Core promoters can be classified into one of three major categories: Peaked, Broad, or Intermediate (Figure 3). Classification is based on the number and distribution of the TSSs utilized by the RNA polymerase. This is readily seen in Figure 3, where the location of transcription start sites for each promoter type are shown as arrows and peaks. The size of the arrows and the height of the peaks correspond to the levels of transcripts generated from each TSS, where larger arrows and higher peaks correspond to higher levels of gene expression. "Promoter shape" refers to the distribution of the TSSs for a given promoter. Peaked promoters have narrow shape because they possess only a single TSS. Broad promoters have a broad shape resulting from the fact that there are multiple TSSs within the promoter that are utilized by RNA Pol II. Given that peaked promoters have a single TSS, transcription from peaked promoters is sometimes referred to as focused transcription, whereas transcription from broad promoters is referred to as dispersed transcription. Genes that exhibit tissue- or development-specific gene expression often have peaked promoters, while broad promoters are often associated with genes that are expressed ubiquitously in cells.
The classification of core promoters is rarely cut and dried. Recent analysis has shown that most promoters in the fruit fly Drosophila melanogaster have multiple TSSs and that promoter type may be classified as "Intermediate" [Hoskins et al., 2011]. Intermediate promoters have multiple TSSs, but some TSSs are used at higher frequencies than others (Figure 3, bottom panel).

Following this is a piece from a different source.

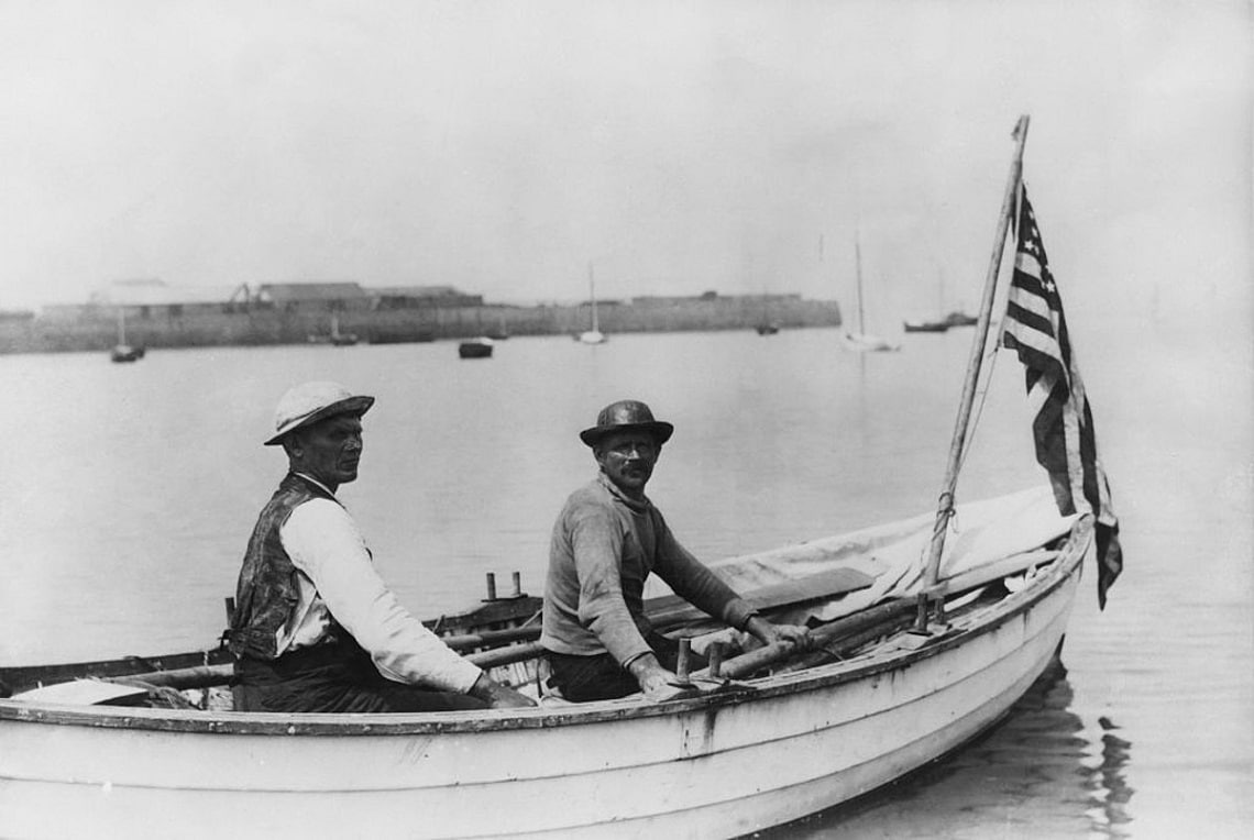 Frank Samuelsen y George Harbo partieron de Battery Park, Nueva York, y tocaron tierra en Saint Mary’s, una de las islas del pequeño archipiélago de las Islas Sorlingas (Inglaterra), tras 55 de navegación
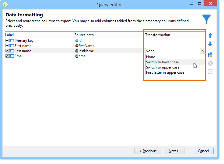 Data formatting 창에서 성을 대문자로 전환합니다. Transformation 열에서 Last name 줄을 클릭하고 드롭다운 메뉴에서 Switch to upper case을(를) 선택합니다.

Review of Chromatin Packaging
It is important to remember that the process of transcription occurs on DNA that is packaged into chromatin. Chromatin refers to the complex of DNA, histone proteins and non-histone proteins that interact with each other to form an intact chromosome within the cell nucleus.
The amino acids of histone proteins can be chemically modified, which allows the DNA to be wound tighter or more loosely around the histone octamer. Areas of the genome in which the DNA is packaged comparatively loosely is referred to as euchromatin (Figure 4). DNA that is packaged tightly around the histone octamer is referred to as heterochromatin. Euchromatic regions of the genome are generally transcriptionally active, whereas heterochromatic regions of the genome are comparatively transcriptionally inactive.

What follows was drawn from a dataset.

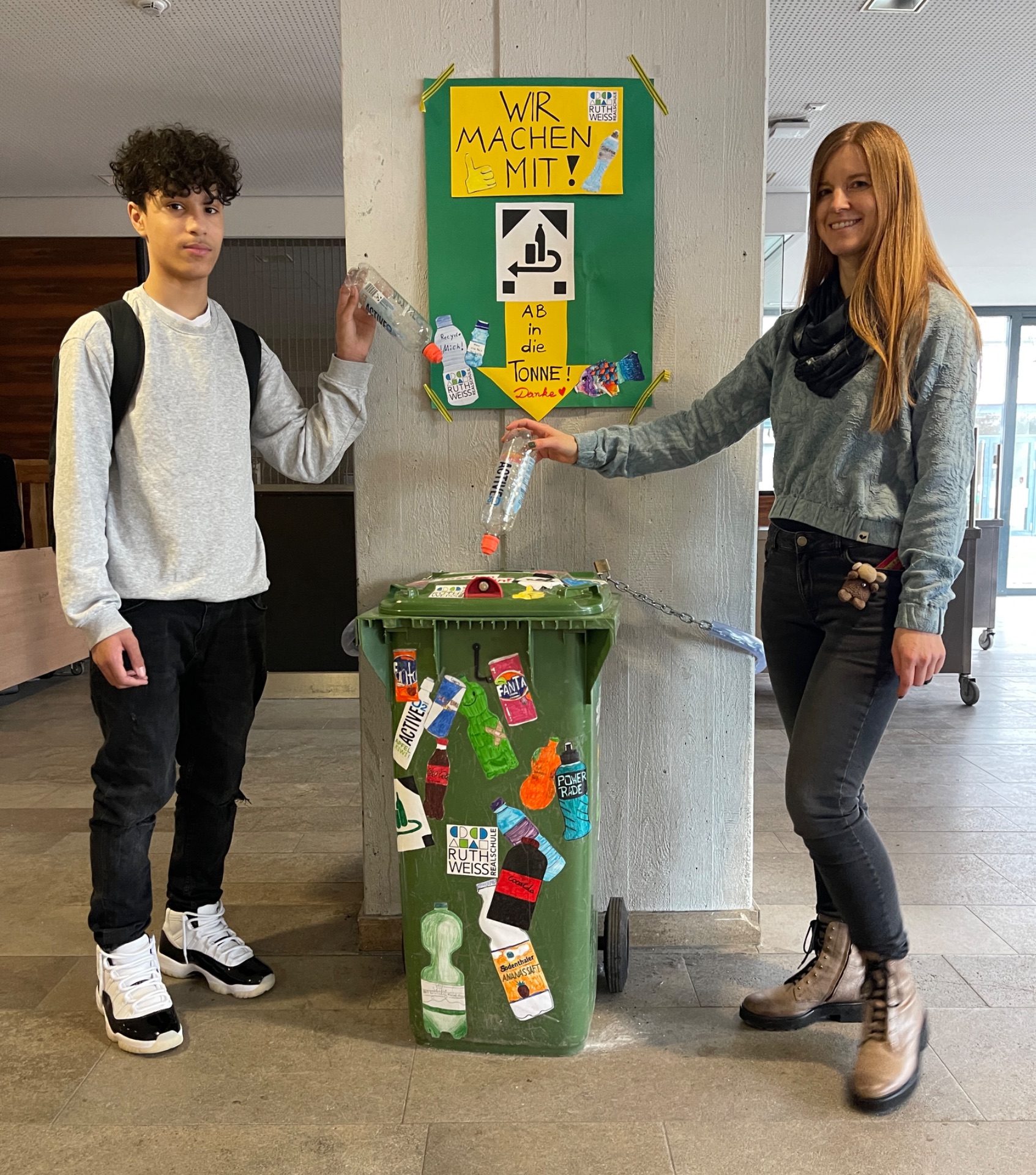 Ab in die Tonne … heißt es seit Juli 2023 an der Ruth-Weiss-Realschule Aschaffenburg. Seit über einem halben Jahr ist die Schulfamilie der Staatlichen Realschule dazu aufgerufen, Pfandflaschen in der neuen Pfandtonne zu entsorgen. Vorausgegangen war die Suche nach einem geeigneten Behältnis, um die Flaschen zu sammeln. Schnell erklärten sich die Stadtwerke Aschaffenburg bereit, eine grüne Tonne zur Verfügung zu stellen. Anschließend widmete sich Lehrkraft Alexandra Scheuber mit ihren Klassen im Kunst- und Werkunterricht der Gestaltung der Pfandtonne. Anfangs fanden nur wenige Pfandflaschen den Weg in die bunt beklebte Sammeltonne. Nachdem das Projekt zu Beginn des neuen Schuljahres über die Klassensprecher nochmals erklärt und beworben wurde, füllte sich die Pfandtonne zunehmend und musste im zwei- bis dreiwöchigen Abstand geleert werden. Anfang Dezember war bereits der schöne Betrag von 18,88€ Pfand zusammengekommen und über den Instagram-Kanal der Schule wurde abgestimmt, wohin das Geld gespendet werden soll. Mit großer Mehrheit wurde für das Aschaffenburger Tierheim abgestimmt und so konnte pünktlich zum Weihnachtsfest die Geldspende gemeinsam mit einer Vielzahl von Sachspenden aus einem separaten Spendenaufruf an das Tierheim übergeben werden. Auch im neuen Jahr wurden weiter fleißig Pfandflaschen an der Ruth-Weiss-Realschule gesammelt. Wohin die 20,13€ aus der aktuellen Sammelrunde gespendet werden sollen, steht aktuell zur Abstimmung.

In the TSS modules you will see that identification of DNA motifs and characterization of chromatin packaging in a particular area of the genome can be used as evidence to assist in the process of TSS annotation.
Bibliography
-
[Hoskins et al., 2011] Hoskins, R. A. et al. Genome-wide analysis of promoter architecture in Drosophila melanogaster. Genome Res. 21, 182–192 (2011).
-
[Vo Ngoc et al., 2019] Vo Ngoc, L., Kassavetis, G. A., & Kadonaga, J. T. The RNA Polymerase II Core Promoter in Drosophila. Genetics, 212(1), 13–24 (2019).